Laga yang berlangsung di Centre Court, Wimbledon, pada 6 Juli 2008 itu bukan sekadar perebutan gelar Grand Slam. Pertandingan tersebut menjadi puncak rivalitas dua petenis terbaik dunia yang saat itu tengah berada di masa keemasan karier mereka.
Bahkan, banyak legenda tenis menempatkan duel tersebut sebagai pertandingan terbaik sepanjang masa. Legenda tenis Swedia, Bjorn Borg, yang menyaksikan langsung laga dari Royal Box, mengaku tak pernah melihat pertandingan yang lebih hebat.
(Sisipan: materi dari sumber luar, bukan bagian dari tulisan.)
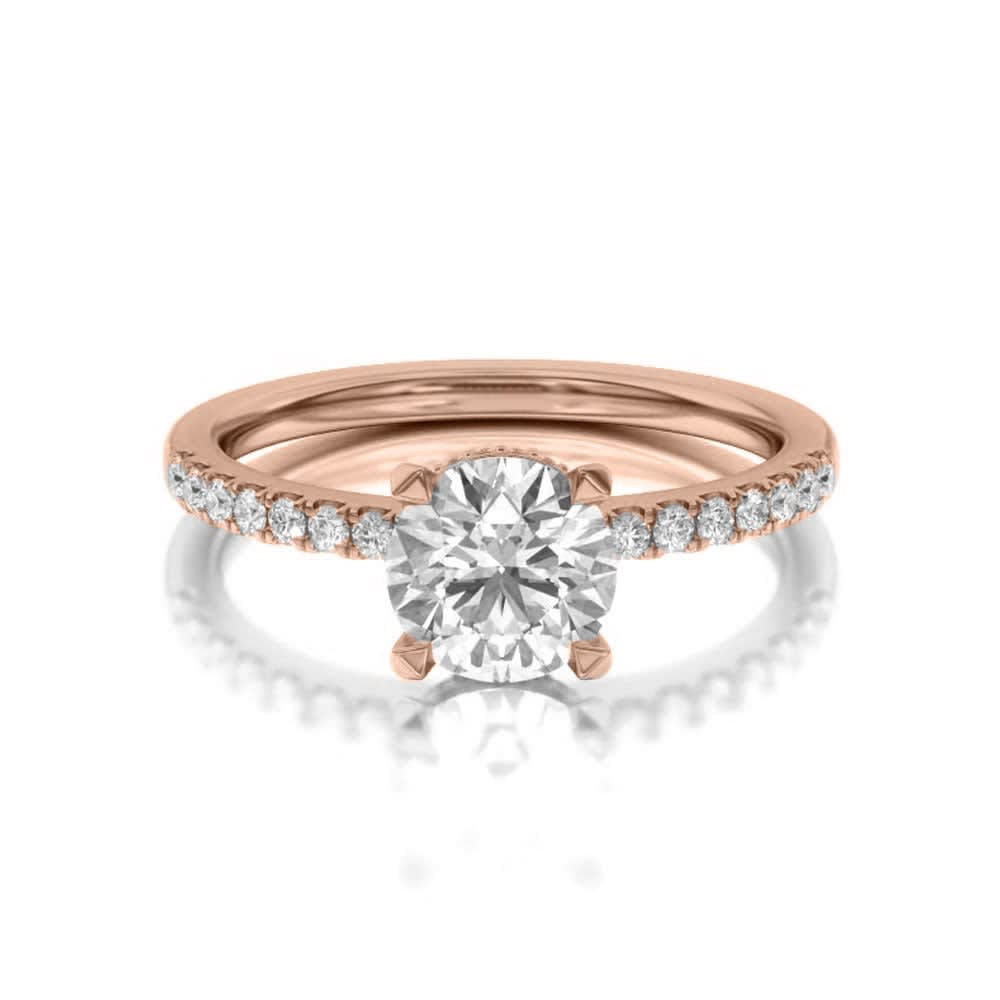 This elegant women's engagement ring features a stunning round brilliant cut lab grown diamond secured in place by a delicate claw setting, which allows the stone to be prominently displayed and catch the light from every angle. The centre stone is further accentuated by a delicate row of diamonds in a modern hidden halo design. The pave set diamonds on the band complement the halo design and add a subtle yet luxurious touch. All Temple and Grace jewellery is beautifully crafted to the highest standards and is made at our jewellery workshop directly by us (skilled jewellery craftsmen). This is why you can save over 40% when compared to high-street retail prices. We also offer a lifetime warranty and unmatched 100 day returns. You can shop online or book an appointment to visit our jewellery boutiques in Sydney, Melbourne, Brisbane and Perth.

"Itu adalah pertandingan tenis terbaik yang pernah saya lihat sepanjang hidup saya. Saya sangat beruntung bisa berada di sana dan menjadi bagian dari final itu. Anda tidak akan menemukan pertandingan tenis yang lebih baik dari ini."
Pujian serupa juga datang dari John McEnroe yang saat itu bertugas sebagai komentator pertandingan. "Ini adalah pertandingan terbaik yang pernah saya saksikan."
Final Wimbledon 2008 menjadi pertemuan ketiga secara beruntun antara Nadal dan Federer di partai puncak. Pada dua edisi sebelumnya, Federer selalu keluar sebagai pemenang. Petenis asal Swiss itu bahkan sedang memburu gelar Wimbledon keenam secara beruntun sekaligus mempertegas statusnya sebagai raja lapangan rumput.
Namun kali ini situasinya berbeda. Federer datang ke London dengan luka yang belum sembuh. Sebulan sebelumnya ia dihancurkan Nadal di final French Open dengan skor telak 6-1, 6-3, dan 6-0.
Kekalahan itu membekas dalam pikirannya. "Saya masih memikirkan kekalahan di final French Open. Rafa menghancurkan saya. Dia benar-benar menguasai pertandingan dan membuat saya tak berdaya," ujar Federer mengenang momen tersebut.
Di sisi lain, Nadal juga membawa beban tersendiri. Dua kali kalah dari Federer di final Wimbledon membuat petenis Spanyol itu menyimpan rasa penasaran yang sangat besar.